*Your goal:*
Please go line by line and repeat the data below exactly, with no images.

*Source data:*
━━━━━━━━━━━━━━━━━━━━━━━━━━━━━━

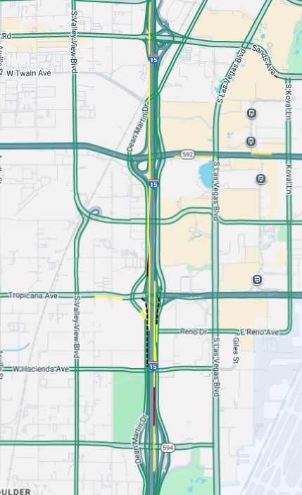 The ongoing roadwork has created major traffic backups along what many consider a gateway to the Las Vegas Strip, as shown by this screenshot of NDOT's traffic at the time of this article's publication.
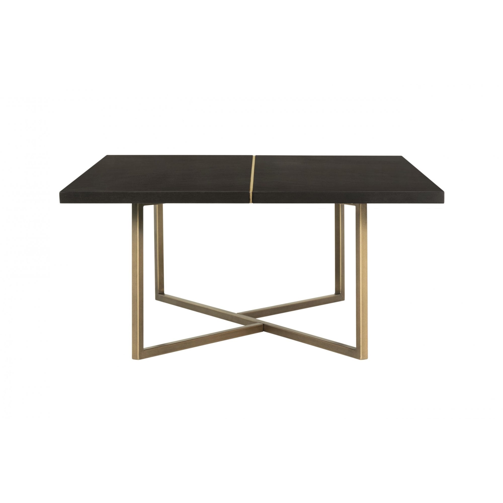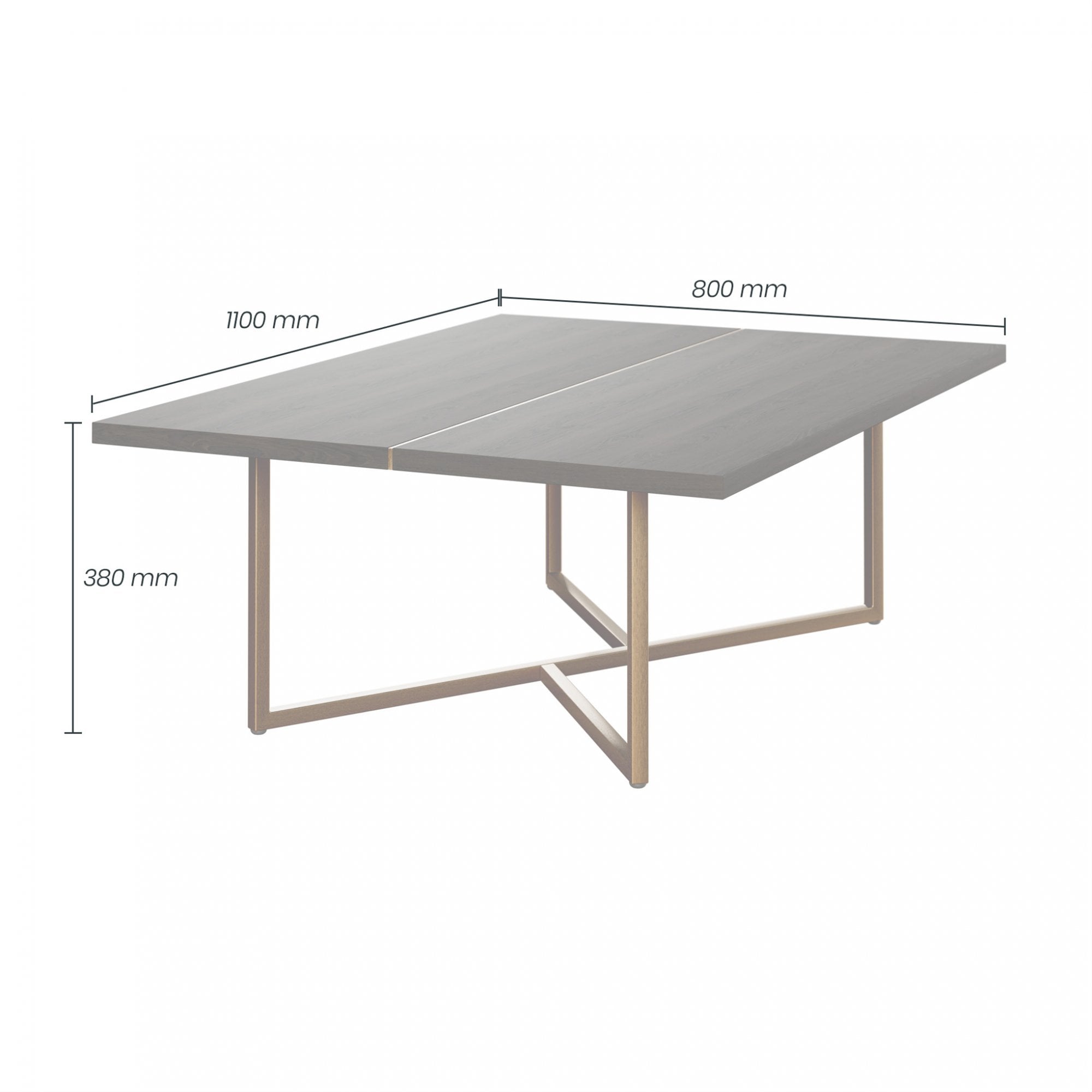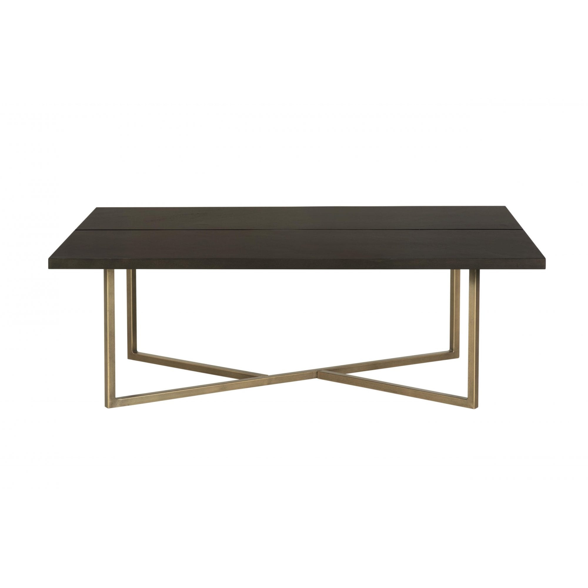 Rectangular chocolate brown coffee table, mdf and veneer, gold seam and gold painted steel base.
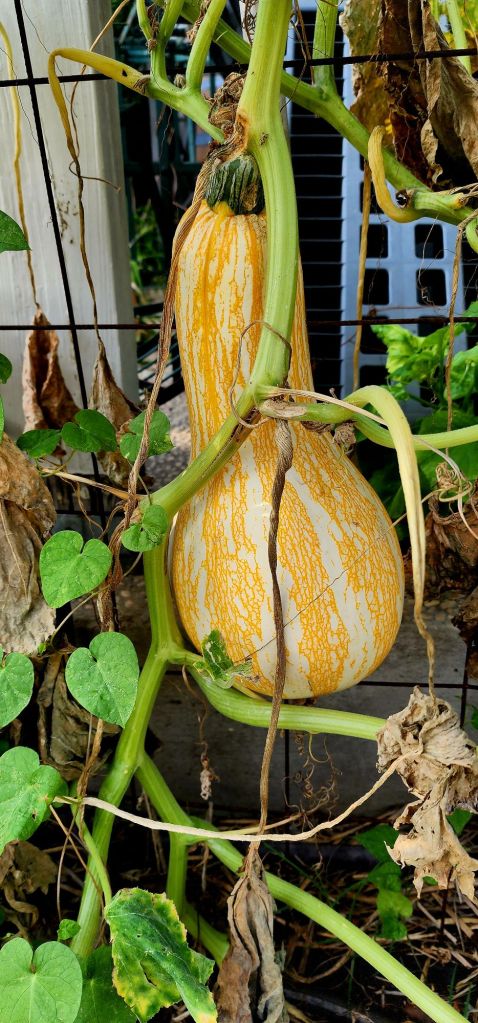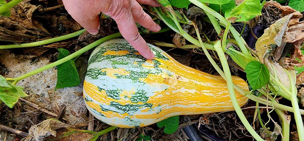 To harvest: Watch for the tendrils near the fruit to start dying back, the vine dying back (which means no more nutrition or water is reaching the fruit) and try pushing your nail into the skin. You shouldn’t be able to pierce the skin when you do this. If you can, it’s not ready. Cut the fruit off and leave some tendril. This will help it dry outside of the actual meat of the fruit. Your squash should be a vibrant color and heavy.

━━━━━━━━━━━━━━━━━━━━━━━━━━━━━━

*Exercise result:*
 The ongoing roadwork has created major traffic backups along what many consider a gateway to the Las Vegas Strip, as shown by this screenshot of NDOT's traffic at the time of this article's publication.
 Rectangular chocolate brown coffee table, mdf and veneer, gold seam and gold painted steel base.
 To harvest: Watch for the tendrils near the fruit to start dying back, the vine dying back (which means no more nutrition or water is reaching the fruit) and try pushing your nail into the skin. You shouldn’t be able to pierce the skin when you do this. If you can, it’s not ready. Cut the fruit off and leave some tendril. This will help it dry outside of the actual meat of the fruit. Your squash should be a vibrant color and heavy.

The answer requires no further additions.